Шелдон дышал часто, рвано, кажется, пьянел и медленно сходил с ума. Если в начале пути прежняя безмятежность лишь немного всколыхнулась беспокойством, то затем, с каждой минутой, все сильнее Шелдон менялся, терял себя прежнего. Дрогнули губы, медленно поднимали кончики до тех пор, пока улыбаться ни стало больно. Улыбка на лице Шелдона захрясла, чудаковатая, неестественная и больше похожая на оскал. Белоснежные зубы, на удивление, не испортившиеся за месяцы жизни в доме Уайтхеда, зловеще блестели за покрасневшими обкусанными губами. Затем тронулись пальцы, вцепились в руль до побелевших костяшек. И только глаза держались дольше всех. Шелдон сдерживался, искал впереди точку, на которой мог сосредоточиться, но видеть тьму, и огонь страха, животного страха, все же подобрался к нему. Лэмб переменился и уже с трудом понимал, что происходило, и просто ехал.
Дорога в лесу пустая, темная и тихая, мертвая. Деревья кронами достигали беззвездного неба и были едва различимы. Вокруг только мрак. Воздух липкий, холодный. Застывшие в нем капли дождя и льдинки царапали.
Страх подчинял. Джим вздрагивал каждый раз, когда ветер касался его и жмурился. Сил не осталось. Удивительно, что он вообще дошел до места встречи в сырость. Лиза стеклянным взглядом пыталась разогнать тьму, но не видела ничего. Она застыла, замолчала и впала в сон наяву. Сабрина словно таяла, становилась все тоньше и дышала все реже. Ее, казалось, вовсе и не было.
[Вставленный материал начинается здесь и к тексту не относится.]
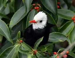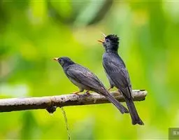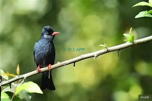 黑短脚鹎(学名:Hypsipetes madagascariensis):中型鸟类,体长22-26cm。嘴鲜红色,脚橙红色,尾呈浅叉状。羽色有两种色型,一种通体黑色,另一种头、颈白色,其余通体黑色。野外特征极明显,容易识别。
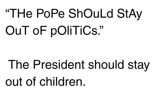 it’s so galling, watching all these hypocrites telling the Pope to zip his fool mouth about religion, if he knows what’s good for him. these are the people who have never once shut the fuck up about how there needs to be more religion in government. these are the same loudmouth zealots who are so horny to force their vision of prayer in the schools — and the Ten Commandments in every classroom — on We the People.
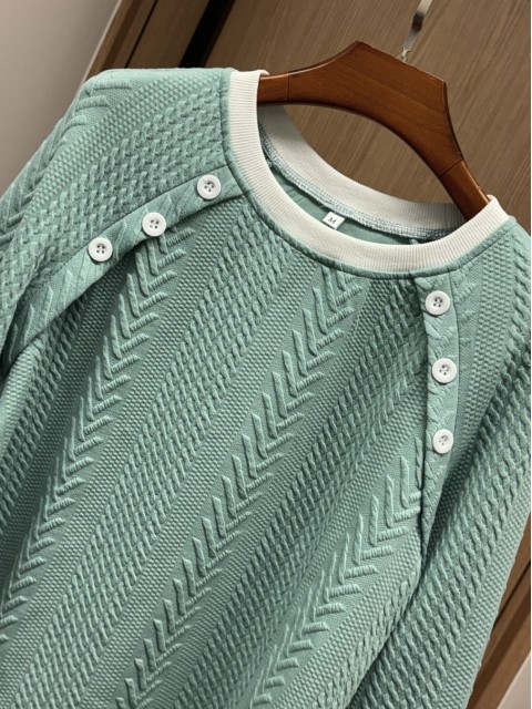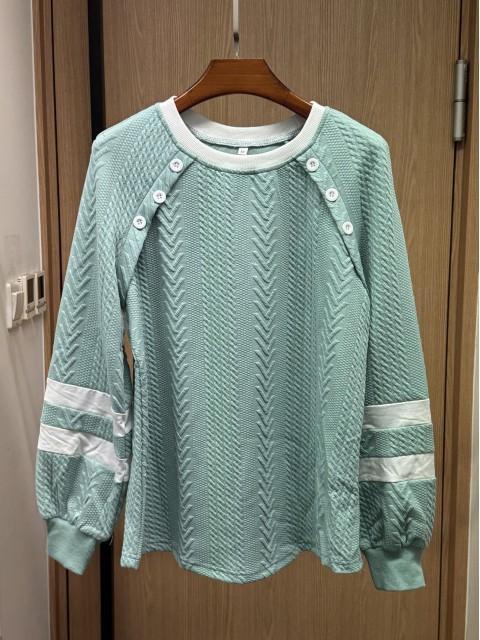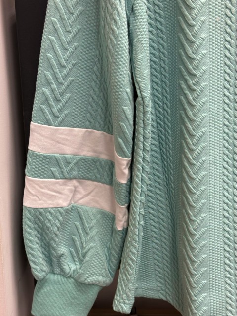 Add a pop of style to your everyday wardrobe with this green sweatshirt, featuring contrast color trim at the neckline and cuffs. The textured fabric adds depth, while the tunic length provides great tummy coverage. Perfect for blending comfort with a touch of flair.
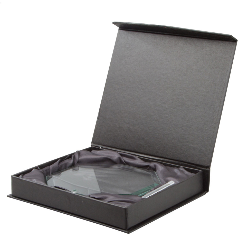 Achtkantige glazen trofee met houder, ontworpen als elegante bekroning voor prestaties. Geschikt voor prijsuitreikingen, jubilea of als symbolisch relatiegeschenk. Geleverd in een zwarte geschenkverpakking voor een professionele uitstraling.

Еще какое-то время все всматривались в темноту. Искали, надеялись. Но с каждым порывом ветра, отрезавшим от измученных очередной кусок, веры оставалось все меньше. Сколько бы ни пытались они успокоиться и принять происходящее как волшебное воскрешение, как священный ритуал, доступный только избранным, всем казалось, что таинство, прежде представлявшееся блаженством, обращалось кошмаром. Мир мрачнел, а они медленно откатывались к ясности, болезненной и пугающей.
Что они затеяли? Понимают ли, куда направляются и к чему приведет их дорога во тьме? Каждый спрашивал себя, но боялся произнести догадки вслух, чтобы не задеть другого, явно знающего лучше.
Относительно ровная дорога кончилась быстрее, чем они успели к ней хотя бы немного привыкнуть. Появились дыры, на которых машина подскакивала. Хлопали плохо державшиеся двери, дрожали стекла. Машина хрипела, молила о пощаде, но Шелдон будто потерял страх. Он вдавил педаль газа и обхватил руль так сильно, что вены на руках надулись и стали похожи на синие нитки для вязания.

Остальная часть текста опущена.